Bagging and Boosting

3 min readJul 23, 2021

Table of Content

Intuition
What is Ensemble Learning?
What is Bagging?
What is Boosting?
How Boosting works?
Types of Boosting
AdaBoost
Gradient Boosting
XGBoost

Intuition

Let’s think of a scenario where a machine has to recognize whether an animal is a cat or dog. There are different ways it can recognize:

If it has pointed ears then it is a cat.
If it has cat-shaped eyes then it is a cat.
If it has bigger limbs then it is a dog.
If it has sharpened claws then it is a cat.
If it has a wider mouth structure then it is a dog.

All these are weak learners as applying individual rules won’t work. We have to apply all the rules and then predict the outcome. So, here comes the concept of Bagging and Boosting.

Either we can go for majority rule or weighted average.

What is Ensemble Learning?

It is a method that is used to enhance the performance of the ML model by combining several learners. When compared to a single model, this type of learning builds models with improvised efficiency and accuracy.

What is Bagging?

Weak Learners are produced parallelly during the training phase. Performance increases by parallelly training many weak learners on a bootstrapped dataset.

Eg- Random Forest

Dividing the dataset into a bootstrapped datasets and running a weak learner on each of these datasets parallelly doing all of this.

Boosting is sequentially doing this along with updating the weights depending upon the misclassified sample.

What is Boosting?

It is a process that uses a set of ML algorithms to combine weak learners to form strong learners to increase the model's accuracy.

How Boosting works?

Generate multiple weak learners and combine their predictions to form one strong rule.

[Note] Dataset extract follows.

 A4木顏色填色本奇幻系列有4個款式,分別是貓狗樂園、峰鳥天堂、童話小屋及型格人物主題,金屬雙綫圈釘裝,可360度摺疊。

These weak learners are generated by applying base machine learning algorithms on different distributions of the dataset. These base learning algorithms are decision trees by default.

Base Learners generate weak rules for each iteration. After multiple iterations, weak learners combine to form strong learners.

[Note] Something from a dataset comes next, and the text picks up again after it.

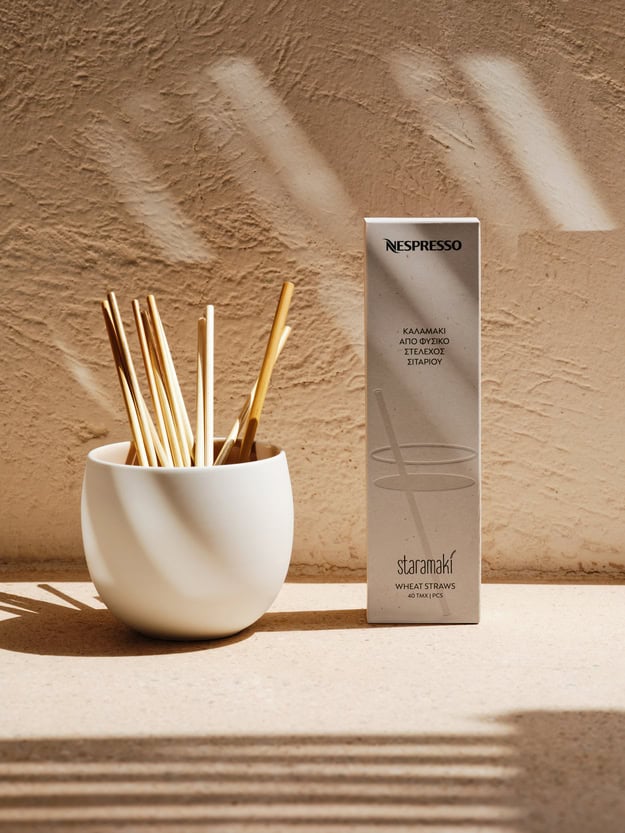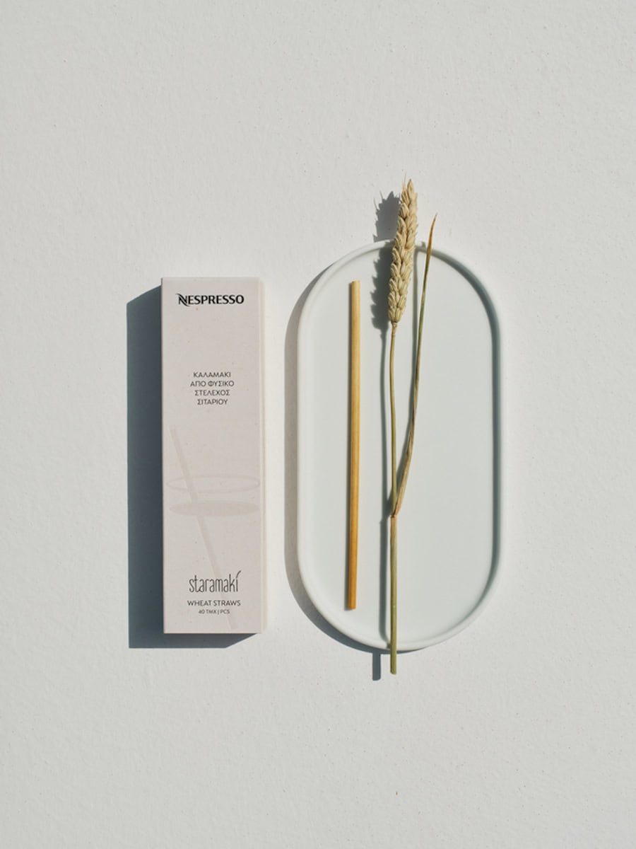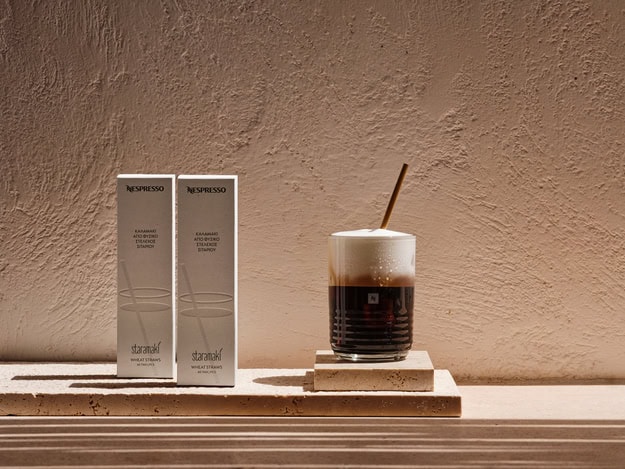 Freddo με καλαμάκι σιταριού. Η Nespresso εντάσσει στις Boutiques και στο e-shop της το Staramaki, το πρώτο ελληνικό καλαμάκι φτιαγμένο από φυσικό στέλεχος σιταριού.

Steps to perform boosting:

Note: Decision Stump- It is a single-level decision tree that tries to classify the data points.

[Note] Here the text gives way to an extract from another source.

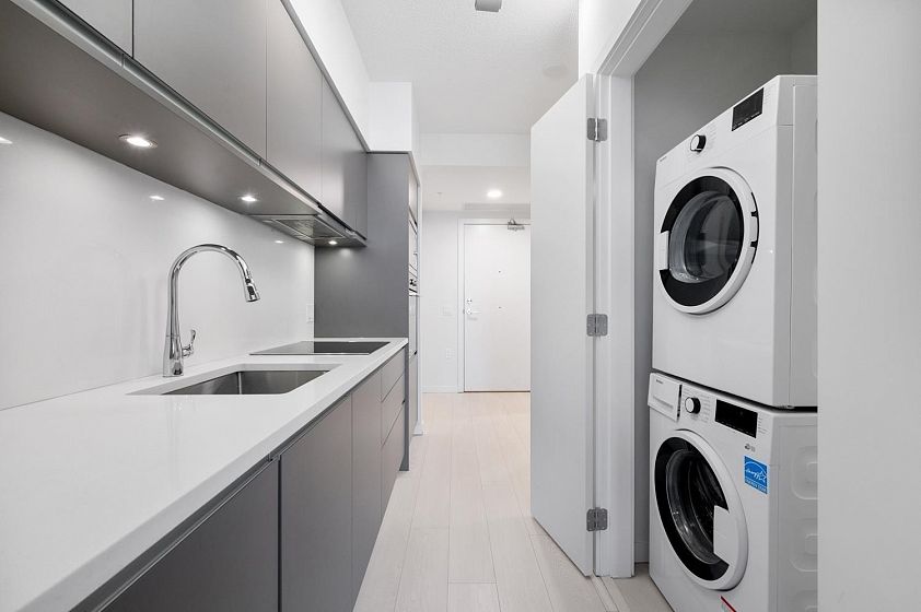 Welcome to SECOND + MAIN, located within walking distance to shops, restaurants, and other amenities at the intersection of Olympic Village and Mount Pleasant. This spacious open concept studio + den features a functional minimalistic design with ample natural light from the floor to ceiling windows, central A/C, high-end integrated kitchen appliances, durable engineered hardwood flooring, in-suite laundry and a large balcony that offers city and mountain views. Building amenities include a fitness center, entertainment lounge with kitchen, and roof top terrace with communal garden, fireplace lounge, and BBQ area. No rental restrictions, short-term rentals permitted. Book your private viewing appointment today! Open House: Sunday April 19, 2026 from 1pm to 3Pm
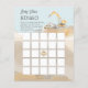 Cute Baby Shower "BINGO" design featuring a muted watercolor construction-themed design with an excavator surrounded by dirt, rocks and construction cones.

The base algorithm reads the data and assigns equal weight to each sample observation.
False predictions are assigned to the next base learners with a higher weightage on these incorrect predictions.
Repeat step 2 until the algorithm can correctly classify the output.

Types of Boosting

Adaptive Boosting

Combine several weak learners into a single strong learner. It is used for both regression and classification problems. Though, it is used in classification problems more commonly.

Steps:

Assigning equal weightage to all the data points for the first decision stump.
Misclassified observations are assigned more weightage.
A new decision stump is drawn by considering the observations with higher weightage as more significant.
Again, if any observations are misclassified, they are given more weightage.
The process continues until all the observations fall into the right class.

Gradient Boosting

Base learners are generated so that the present base learner is more effective than the previous one.

Weights are added for misclassified outcomes.

Optimize the loss function of the previous learner.

It has three main components:

Loss function — Needs to be optimized.
Weak Learner — Used for computing predictions and forming strong learners.
Additive model — Regularize the loss function.

XG Boost (Extreme Boosting)

The main aim of it is to increase computational speed and model efficiency.

It supports parallelization by creating a decision tree parallelly(no sequential modeling).

Implements distributive computing for evaluating any large or complex models.

Uses out-of-core computing to analyze huge and varied datasets.

Implements cache optimizations to make the best use of your hardware and your resource overall.